RECORDS TO PROCESS
-- -- --

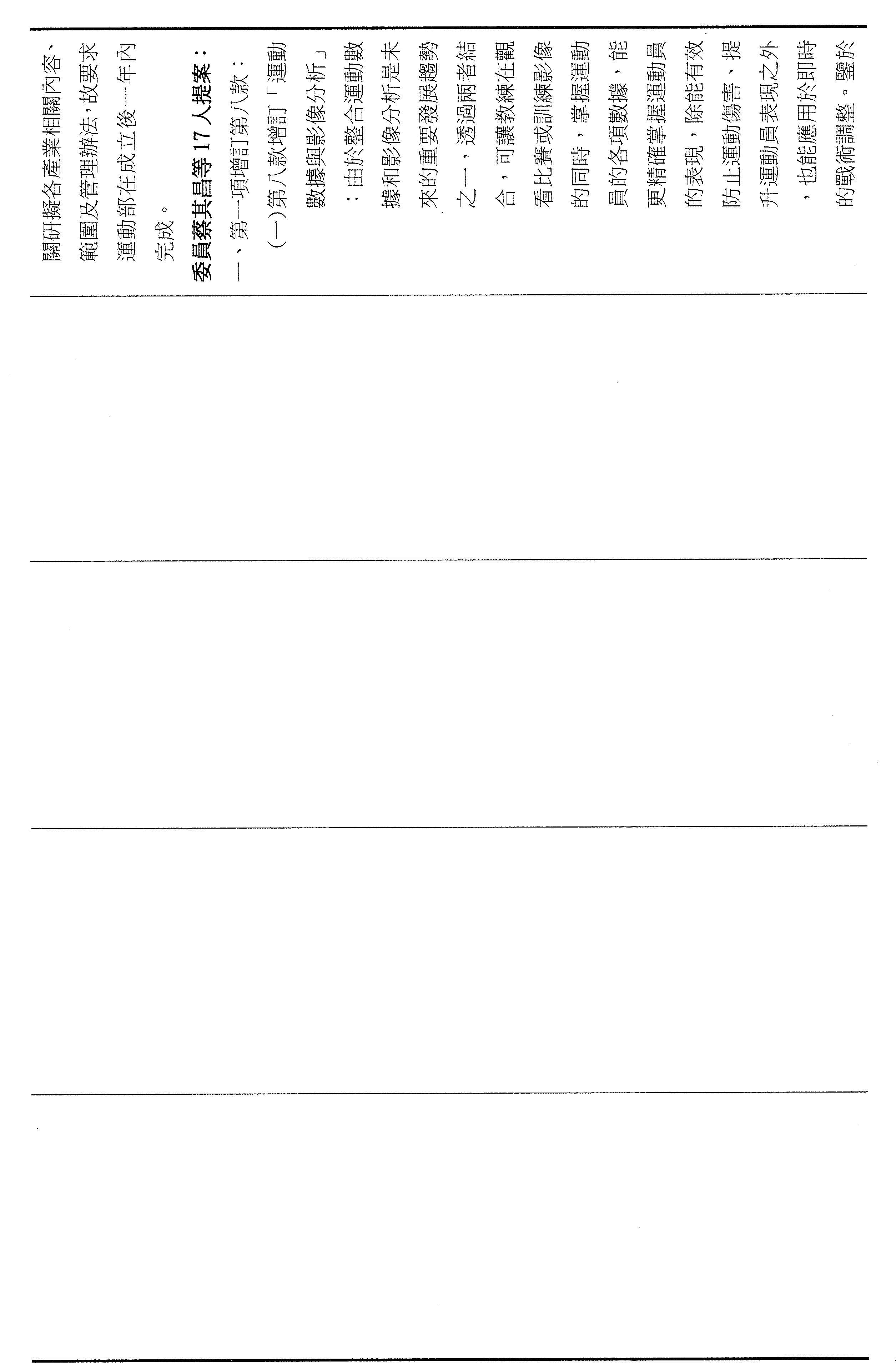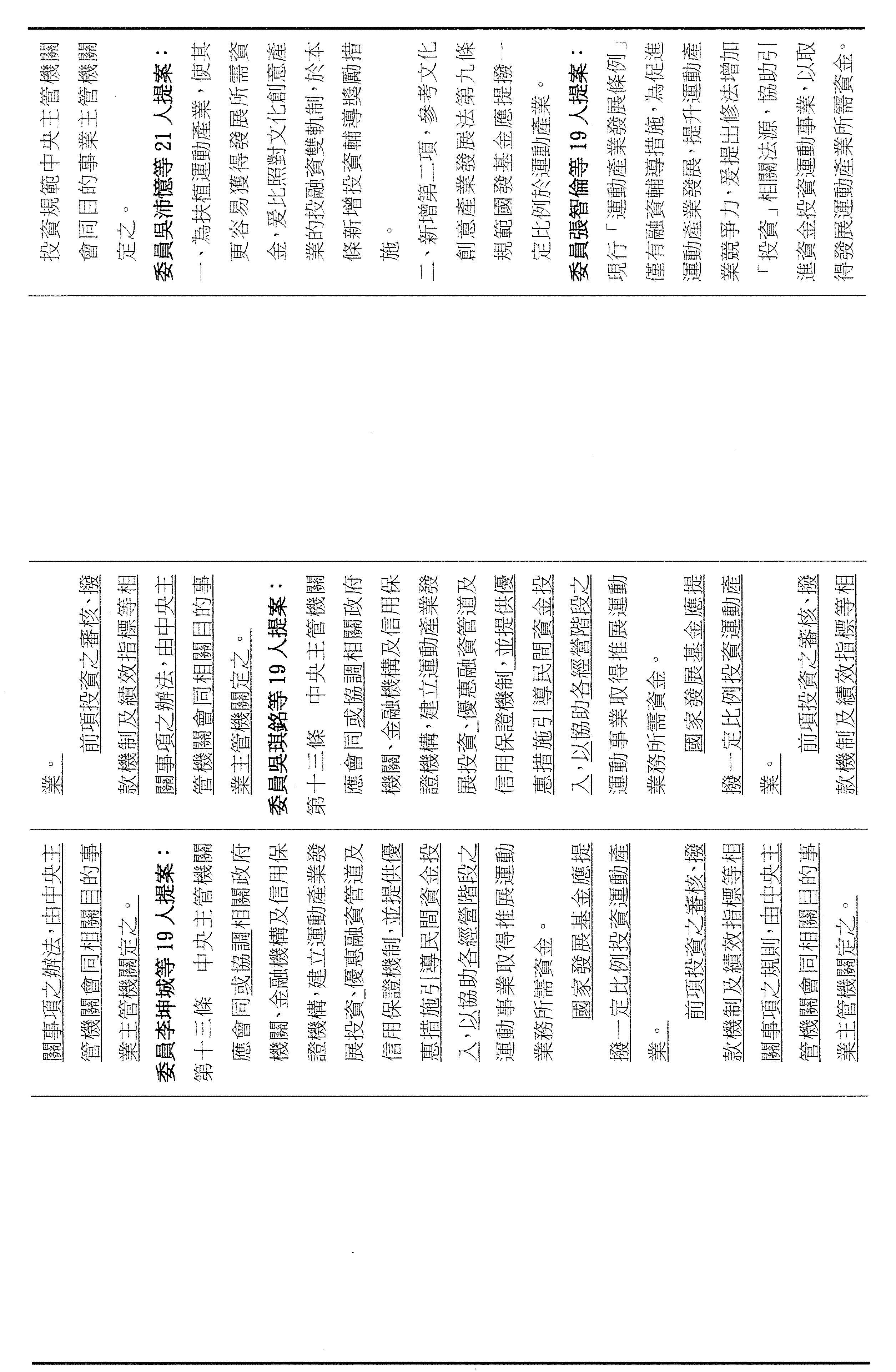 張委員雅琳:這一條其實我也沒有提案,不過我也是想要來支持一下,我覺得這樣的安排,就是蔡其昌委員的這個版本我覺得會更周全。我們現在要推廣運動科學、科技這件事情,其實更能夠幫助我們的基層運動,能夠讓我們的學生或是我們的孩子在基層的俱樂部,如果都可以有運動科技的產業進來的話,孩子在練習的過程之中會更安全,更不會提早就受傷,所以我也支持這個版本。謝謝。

-- -- --

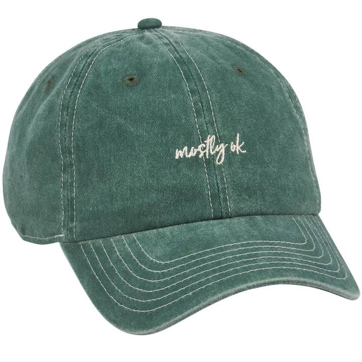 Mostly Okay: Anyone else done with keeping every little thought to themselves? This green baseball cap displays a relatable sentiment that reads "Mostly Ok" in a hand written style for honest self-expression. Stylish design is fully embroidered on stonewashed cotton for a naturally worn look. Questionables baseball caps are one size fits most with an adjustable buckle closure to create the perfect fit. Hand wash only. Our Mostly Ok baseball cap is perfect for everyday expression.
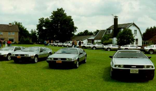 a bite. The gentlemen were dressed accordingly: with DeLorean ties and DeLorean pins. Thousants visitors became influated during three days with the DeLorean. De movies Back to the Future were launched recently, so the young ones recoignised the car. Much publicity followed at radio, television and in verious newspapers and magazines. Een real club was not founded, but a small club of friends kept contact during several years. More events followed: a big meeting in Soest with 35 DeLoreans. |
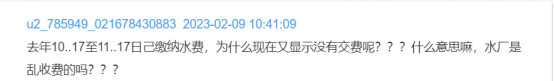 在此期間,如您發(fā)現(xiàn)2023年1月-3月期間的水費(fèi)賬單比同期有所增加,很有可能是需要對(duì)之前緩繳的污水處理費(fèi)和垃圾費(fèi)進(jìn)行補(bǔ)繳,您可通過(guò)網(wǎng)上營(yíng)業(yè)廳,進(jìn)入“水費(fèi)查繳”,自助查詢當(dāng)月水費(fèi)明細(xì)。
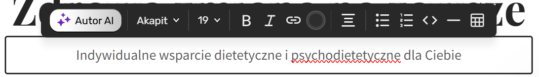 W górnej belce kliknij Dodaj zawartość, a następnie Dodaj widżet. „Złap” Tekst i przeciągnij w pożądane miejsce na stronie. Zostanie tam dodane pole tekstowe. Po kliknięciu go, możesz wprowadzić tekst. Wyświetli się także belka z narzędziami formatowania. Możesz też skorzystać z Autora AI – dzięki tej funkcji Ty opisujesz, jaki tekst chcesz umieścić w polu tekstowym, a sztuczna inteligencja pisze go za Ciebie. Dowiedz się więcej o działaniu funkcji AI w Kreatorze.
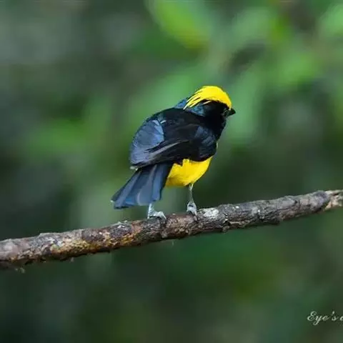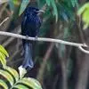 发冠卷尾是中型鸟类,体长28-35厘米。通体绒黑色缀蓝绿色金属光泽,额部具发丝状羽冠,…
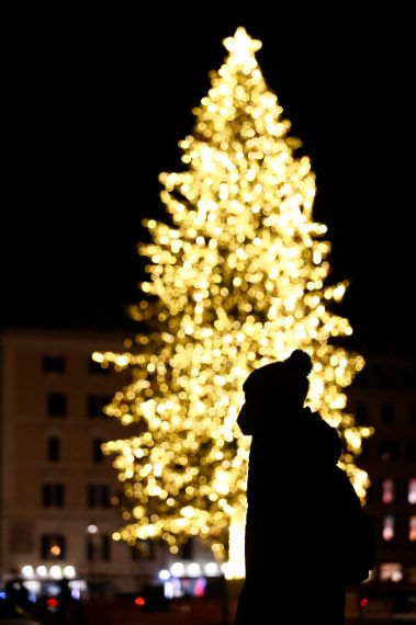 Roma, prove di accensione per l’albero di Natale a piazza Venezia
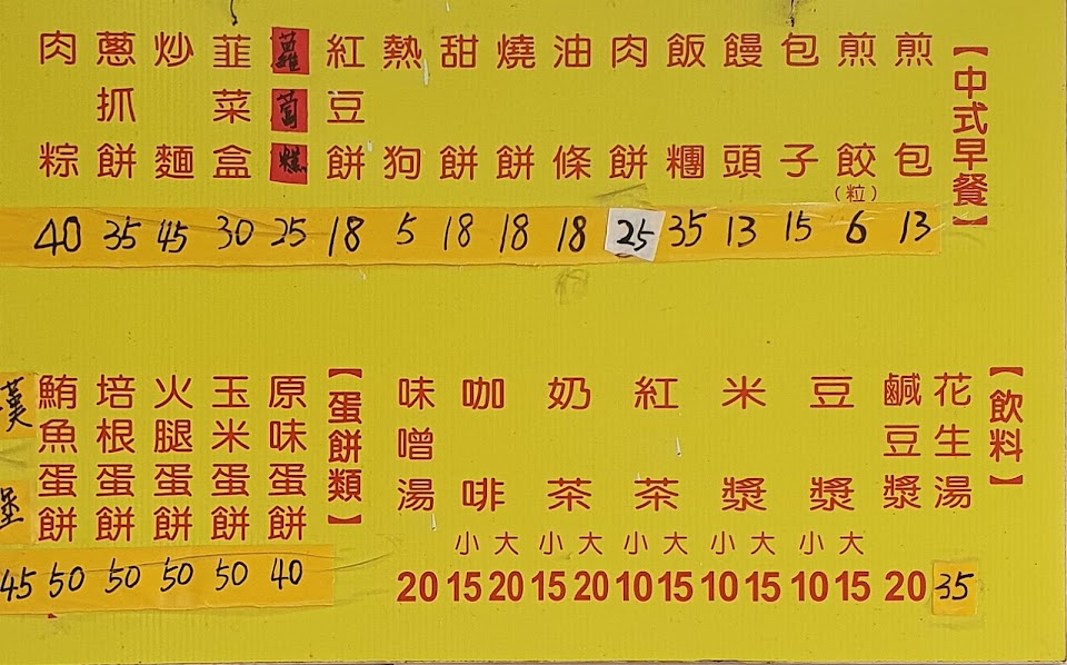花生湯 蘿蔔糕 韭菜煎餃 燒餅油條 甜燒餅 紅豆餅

-- -- --

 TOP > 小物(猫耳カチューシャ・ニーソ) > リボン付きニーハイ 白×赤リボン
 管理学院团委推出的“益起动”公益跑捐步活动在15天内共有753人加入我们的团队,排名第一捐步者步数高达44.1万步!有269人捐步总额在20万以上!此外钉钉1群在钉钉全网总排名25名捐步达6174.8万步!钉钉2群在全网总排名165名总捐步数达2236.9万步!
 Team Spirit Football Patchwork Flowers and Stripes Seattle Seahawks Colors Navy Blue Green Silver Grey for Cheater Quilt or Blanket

-- -- --

EXERCISE REQUIREMENTS
Using the data above, return the lines from the one holding "在此期間,如您發(fā)現(xiàn)2" through the one holding "发冠卷尾是中型鸟类,体长28" exactly, but not the pictures.

COMPLETED EXERCISE
 在此期間,如您發(fā)現(xiàn)2023年1月-3月期間的水費(fèi)賬單比同期有所增加,很有可能是需要對(duì)之前緩繳的污水處理費(fèi)和垃圾費(fèi)進(jìn)行補(bǔ)繳,您可通過(guò)網(wǎng)上營(yíng)業(yè)廳,進(jìn)入“水費(fèi)查繳”,自助查詢當(dāng)月水費(fèi)明細(xì)。
 W górnej belce kliknij Dodaj zawartość, a następnie Dodaj widżet. „Złap” Tekst i przeciągnij w pożądane miejsce na stronie. Zostanie tam dodane pole tekstowe. Po kliknięciu go, możesz wprowadzić tekst. Wyświetli się także belka z narzędziami formatowania. Możesz też skorzystać z Autora AI – dzięki tej funkcji Ty opisujesz, jaki tekst chcesz umieścić w polu tekstowym, a sztuczna inteligencja pisze go za Ciebie. Dowiedz się więcej o działaniu funkcji AI w Kreatorze.
 发冠卷尾是中型鸟类,体长28-35厘米。通体绒黑色缀蓝绿色金属光泽,额部具发丝状羽冠,…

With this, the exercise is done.